Les sushis sont-ils sûrs pour une personne atteinte d'Hashimoto ? Oui, en quantités habituelles. Le nori de quelques rouleaux reste bien en deçà d'un apport problématique. Les variables à surveiller sont les bouillons à base de kombu, les salades d'algues mêlant wakame et flocons de kelp, ainsi qu'une consommation fréquente de miso enrichi en kombu [C1][C2].

Combien de feuilles de nori par jour est-ce trop ? Le nori contient en moyenne environ 50 µg d'iode par gramme : 2 à 3 feuilles standard par jour (environ 6 à 9 grammes) restent dans la fourchette de consommation habituellement sûre, même en plus d'une alimentation utilisant du sel iodé [C1][C2]. Le risque n'augmente qu'à des quantités quotidiennes très élevées.

Manger des algues va-t-il guérir mon hypothyroïdie ? Non. La carence en iode est rare dans les pays disposant de sel iodé ou consommant des produits de la mer ; dans l'Hashimoto, le problème est l'attaque auto-immune contre la thyroïde, pas un déficit en iode. Ajouter encore de l'iode à ce tableau l'aggrave souvent plus qu'il ne l'améliore [C3][C5].

Un seul repas très riche en iode peut-il déclencher une poussée ? Un repas unique provoque rarement une poussée durable chez une personne à la thyroïde saine. Dans l'Hashimoto ou après chirurgie thyroïdienne, un repas copieux à base de kombu ou de kelp peut produire une élévation mesurable de la TSH durant plusieurs jours à plusieurs semaines [C3][C6][C7].

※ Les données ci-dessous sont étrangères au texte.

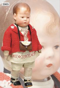 KÄTHE KRUSE kl. Du Mein, 34 cm, Stoffkopf, 3 Hinterkopfnähte, separat angenähter Daumen, breite Hüfte, Körper etwas verschmutzt, Nasenspitze sowie Farbe am Hinterkopf ein wenig berieben, sonst schöner Orig.-Zust.
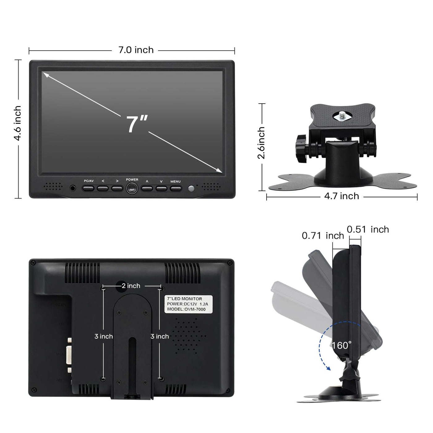 Q: What are the main features of the OSCY 7 Inch Small Monitor?A: The OSCY 7 Inch Small Monitor features a 1024x600 HD resolution, a 7-inch IPS LCD screen, multiple input options including HDMI, VGA, and AV ports, and a lightweight design weighing only 0.68 lbs. It also includes a built-in speaker, remote control for easy operation, and supports two-way installation options.
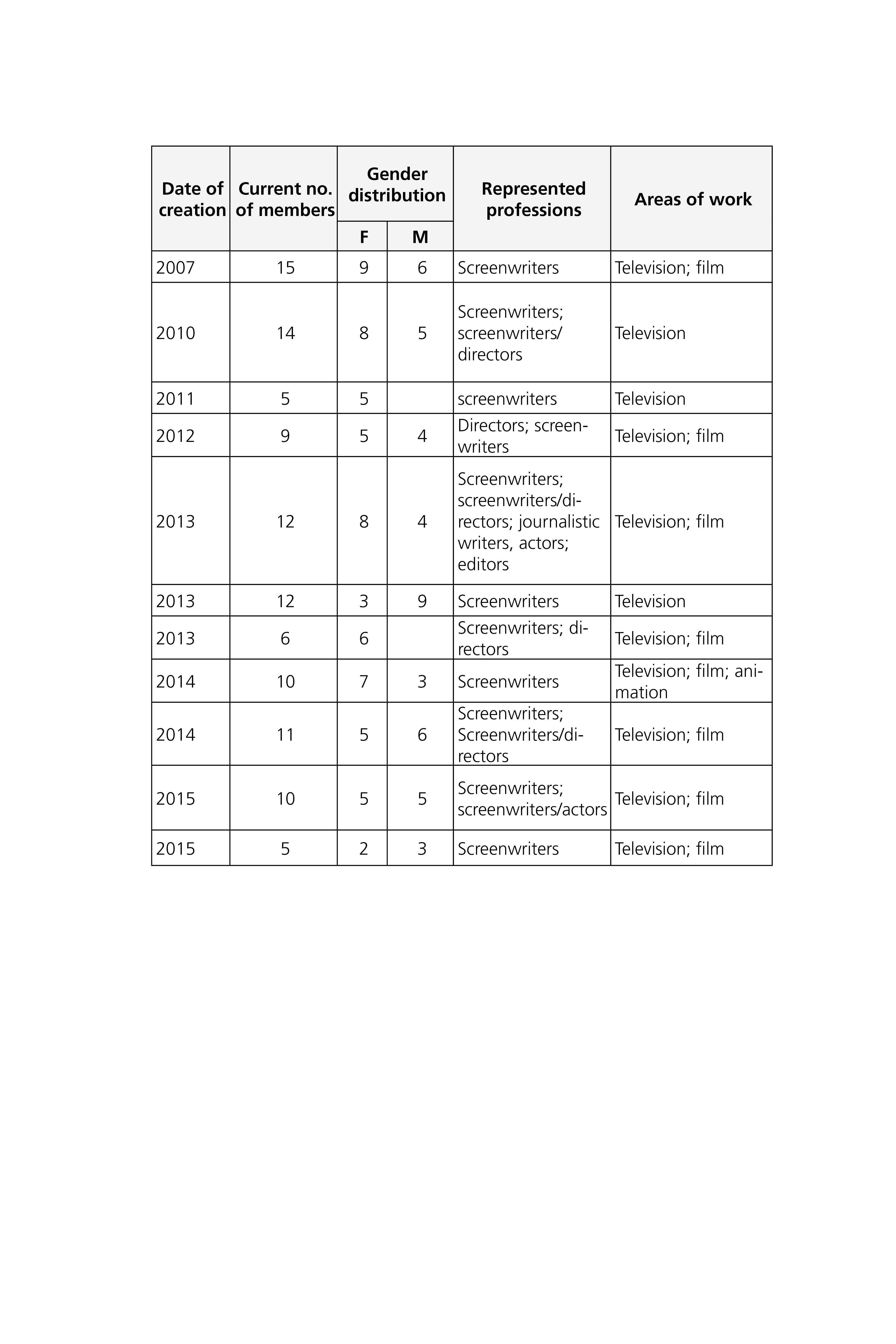 However, the collectives differ from one another in one key aspect: while all of them present themselves as “screenwriters’ collectives,” their membership does not only include television writers. Some of their members write for a variety of media and formats (graphic novels, animation, film, radio, theatre) and others are directors or editors8 (see table 2). It is also worth noting that among the collectives under study here, most are mixed-gender, but two are open exclusively to women.

Les algues en gélules sont-elles plus sûres parce qu'elles sont « naturelles » ? Non. La teneur en iode des gélules est plus concentrée et moins prévisible que celle des algues fraîches, et les cas de dysfonction thyroïdienne induite par le kelp concernent très majoritairement des compléments [C3][C8]. « Naturel » n'est pas une dose.

L'essentiel

Les algues ne sont pas un ingrédient unique : c'est une catégorie qui va de l'anodin au pharmacologique selon l'espèce et la portion [C1][C2]. La LST de 1 100 µg chez l'adulte est le plafond pratique pour une consommation chronique ; les données de population du Japon et de la Corée montrent des modifications thyroïdiennes mesurables au-delà [C3][C4]. Les personnes atteintes d'Hashimoto sont le groupe le plus susceptible et le plus mal servi par les compléments de kelp ou de fucus [C3][C5][C8]. Le nori en quantités quotidiennes est sans souci ; le kombu et le kelp doivent être pesés ; tout complément se discute avec votre endocrinologue avant — et non après — le prochain contrôle de TSH.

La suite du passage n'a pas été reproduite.